> [Exercise aim]
Note on the material below: return exactly the lines from the line that holds "Accommodation for 7" through the line that holds "軽やかなウール混の縮じゅう生", and leave out each picture.

Exercise input below:

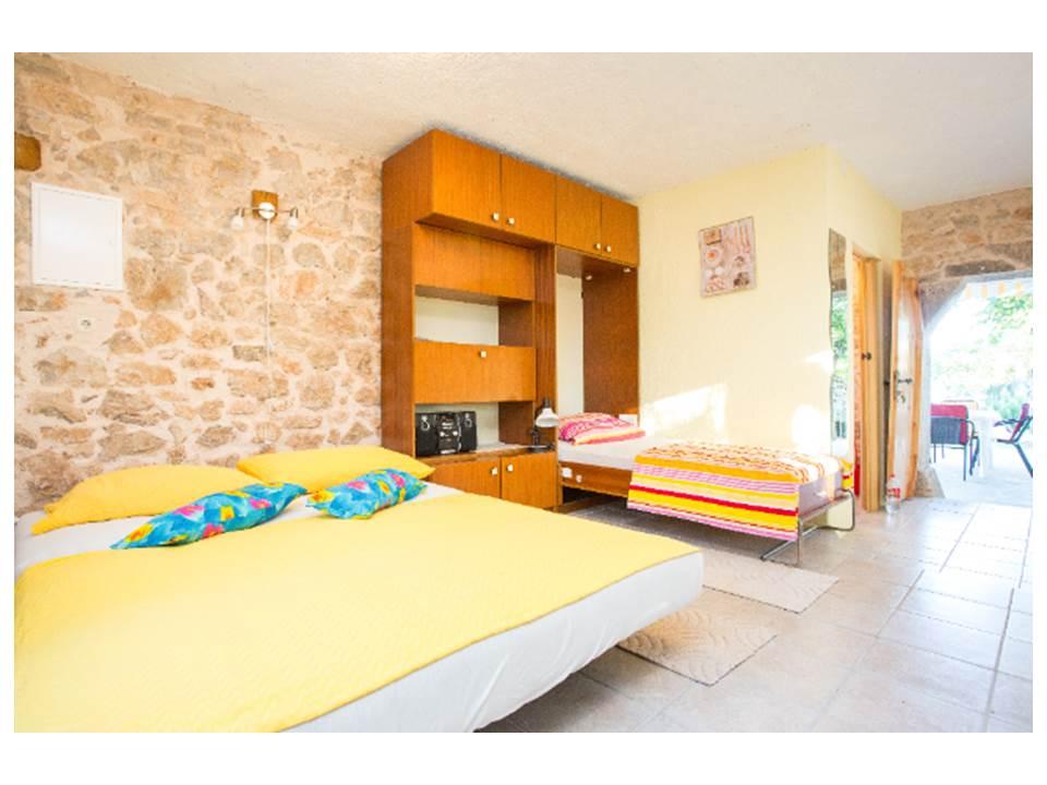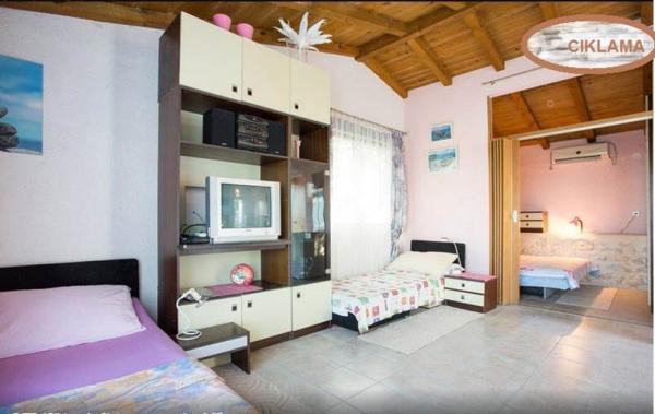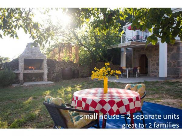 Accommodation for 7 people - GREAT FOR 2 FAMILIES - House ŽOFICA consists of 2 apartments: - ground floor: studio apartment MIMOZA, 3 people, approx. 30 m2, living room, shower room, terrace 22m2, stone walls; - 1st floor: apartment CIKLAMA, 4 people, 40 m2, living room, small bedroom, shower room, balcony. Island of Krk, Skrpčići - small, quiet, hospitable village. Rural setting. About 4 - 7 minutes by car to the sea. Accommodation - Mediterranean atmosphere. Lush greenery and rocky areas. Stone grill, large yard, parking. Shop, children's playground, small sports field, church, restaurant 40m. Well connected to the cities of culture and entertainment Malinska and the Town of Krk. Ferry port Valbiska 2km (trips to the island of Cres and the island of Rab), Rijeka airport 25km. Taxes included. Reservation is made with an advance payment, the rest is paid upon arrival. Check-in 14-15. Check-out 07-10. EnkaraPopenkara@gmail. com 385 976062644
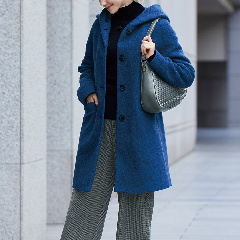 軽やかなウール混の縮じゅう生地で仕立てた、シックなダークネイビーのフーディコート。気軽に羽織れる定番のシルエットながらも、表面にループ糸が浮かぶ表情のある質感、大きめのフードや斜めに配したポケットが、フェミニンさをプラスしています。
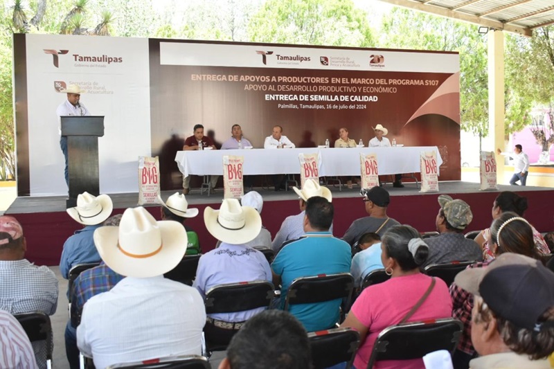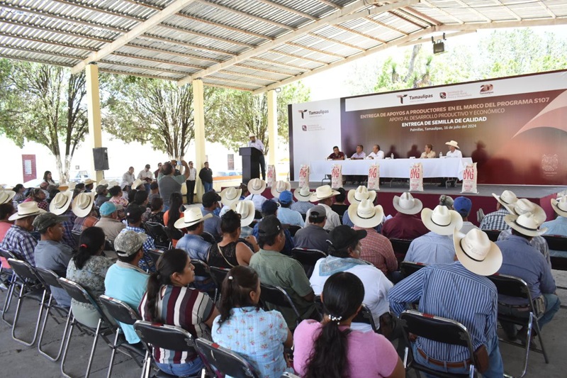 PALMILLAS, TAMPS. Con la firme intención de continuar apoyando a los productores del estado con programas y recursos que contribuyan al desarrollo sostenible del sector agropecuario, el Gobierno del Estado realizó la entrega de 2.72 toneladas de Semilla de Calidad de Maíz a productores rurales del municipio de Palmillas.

End of Exercise input.
Exercise input below:

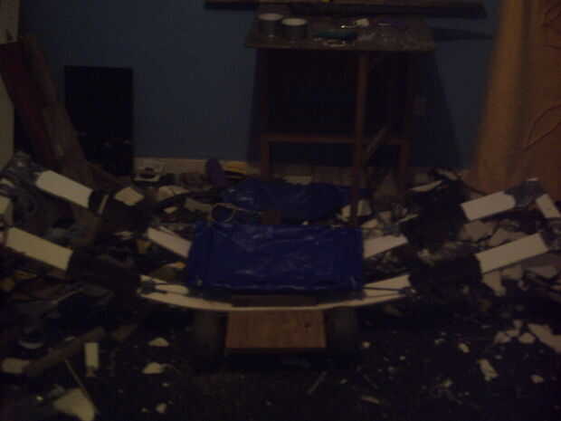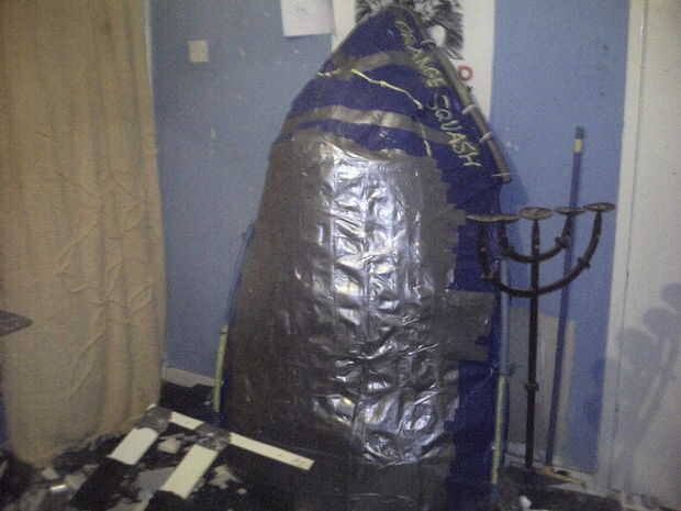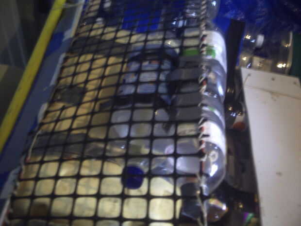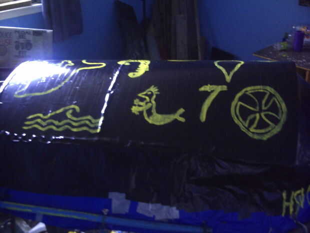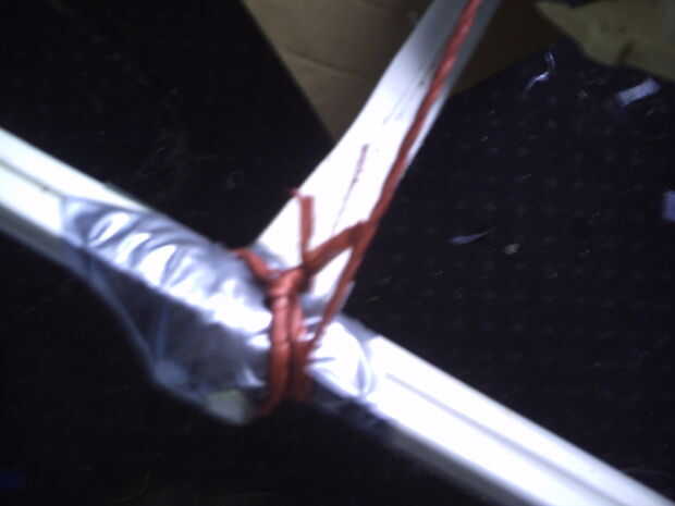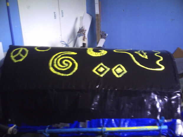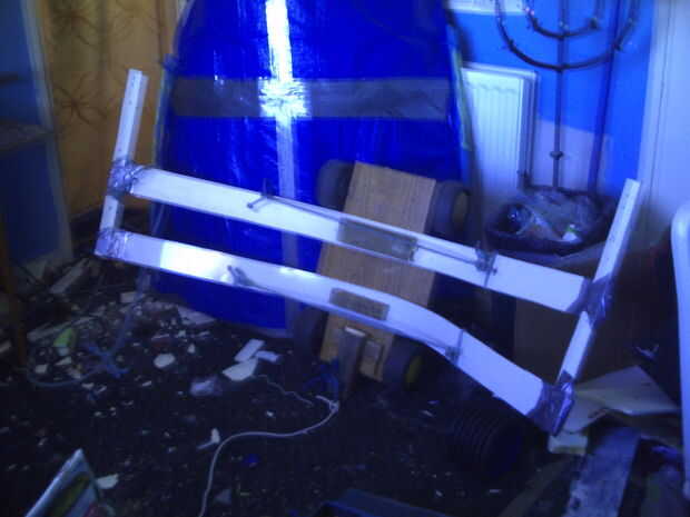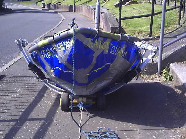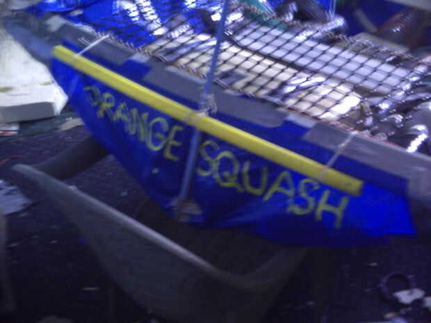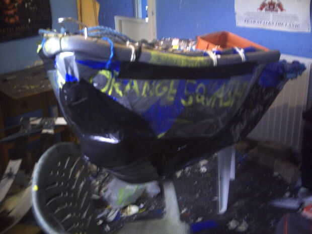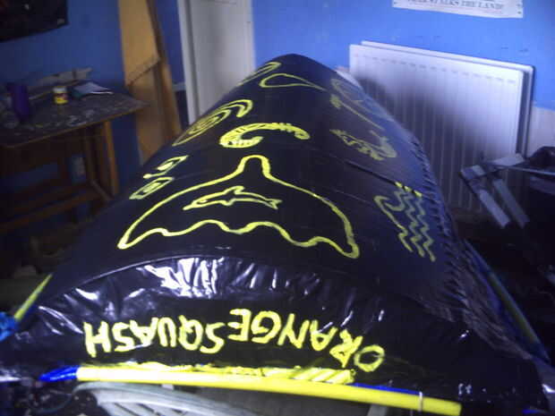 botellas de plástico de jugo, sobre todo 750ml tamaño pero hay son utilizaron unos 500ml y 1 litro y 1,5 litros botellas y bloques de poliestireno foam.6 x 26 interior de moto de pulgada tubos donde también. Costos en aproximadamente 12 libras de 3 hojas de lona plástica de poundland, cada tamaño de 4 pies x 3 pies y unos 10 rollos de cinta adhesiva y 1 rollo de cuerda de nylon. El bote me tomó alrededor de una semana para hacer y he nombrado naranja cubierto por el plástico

End of Exercise input.
Exercise input below:

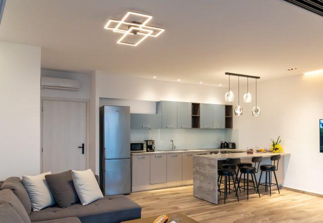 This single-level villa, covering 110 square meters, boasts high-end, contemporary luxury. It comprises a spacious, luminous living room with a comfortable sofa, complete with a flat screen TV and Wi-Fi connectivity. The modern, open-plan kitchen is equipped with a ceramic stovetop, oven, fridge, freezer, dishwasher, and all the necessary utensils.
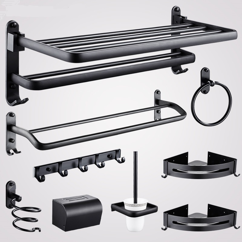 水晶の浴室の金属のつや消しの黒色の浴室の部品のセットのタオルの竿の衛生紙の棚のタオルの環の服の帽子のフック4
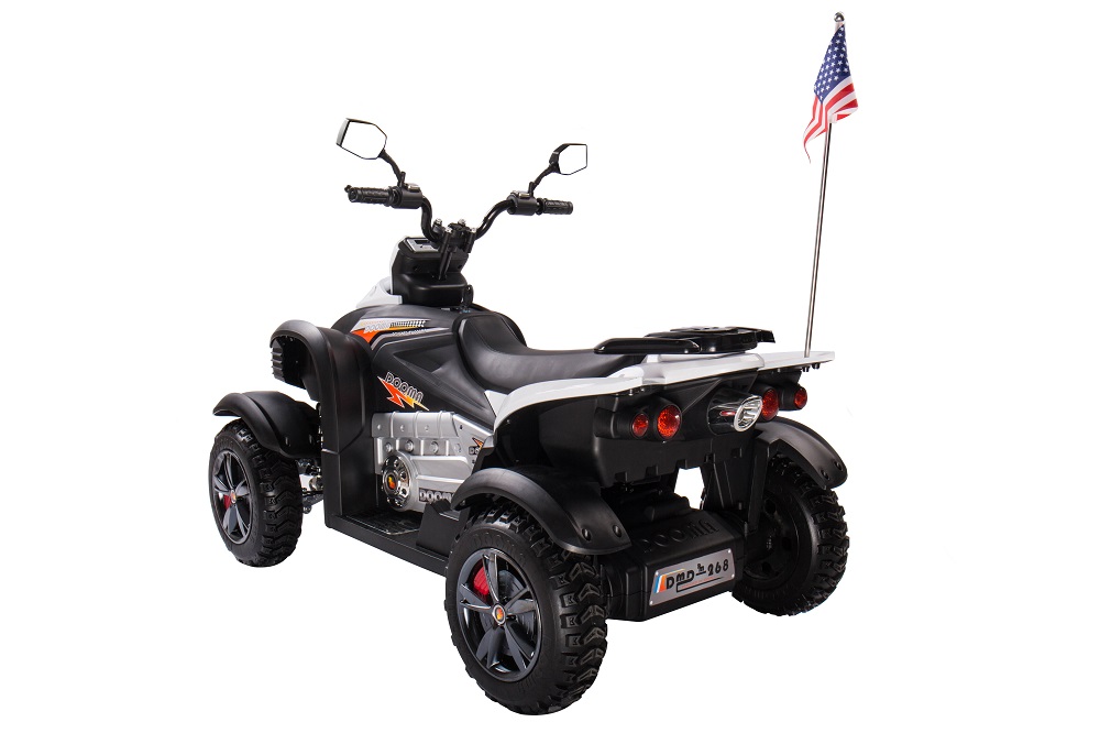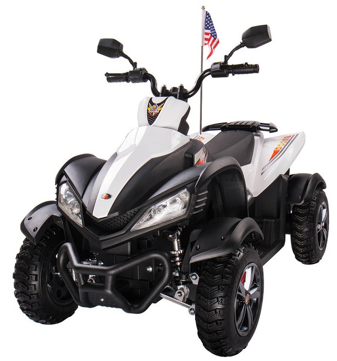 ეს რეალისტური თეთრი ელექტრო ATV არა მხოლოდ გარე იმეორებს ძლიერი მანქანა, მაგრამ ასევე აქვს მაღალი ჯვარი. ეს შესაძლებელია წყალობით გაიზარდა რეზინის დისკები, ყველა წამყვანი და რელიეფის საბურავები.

End of Exercise input.

> [Answer to this exercise]
 Accommodation for 7 people - GREAT FOR 2 FAMILIES - House ŽOFICA consists of 2 apartments: - ground floor: studio apartment MIMOZA, 3 people, approx. 30 m2, living room, shower room, terrace 22m2, stone walls; - 1st floor: apartment CIKLAMA, 4 people, 40 m2, living room, small bedroom, shower room, balcony. Island of Krk, Skrpčići - small, quiet, hospitable village. Rural setting. About 4 - 7 minutes by car to the sea. Accommodation - Mediterranean atmosphere. Lush greenery and rocky areas. Stone grill, large yard, parking. Shop, children's playground, small sports field, church, restaurant 40m. Well connected to the cities of culture and entertainment Malinska and the Town of Krk. Ferry port Valbiska 2km (trips to the island of Cres and the island of Rab), Rijeka airport 25km. Taxes included. Reservation is made with an advance payment, the rest is paid upon arrival. Check-in 14-15. Check-out 07-10. EnkaraPopenkara@gmail. com 385 976062644
 軽やかなウール混の縮じゅう生地で仕立てた、シックなダークネイビーのフーディコート。気軽に羽織れる定番のシルエットながらも、表面にループ糸が浮かぶ表情のある質感、大きめのフードや斜めに配したポケットが、フェミニンさをプラスしています。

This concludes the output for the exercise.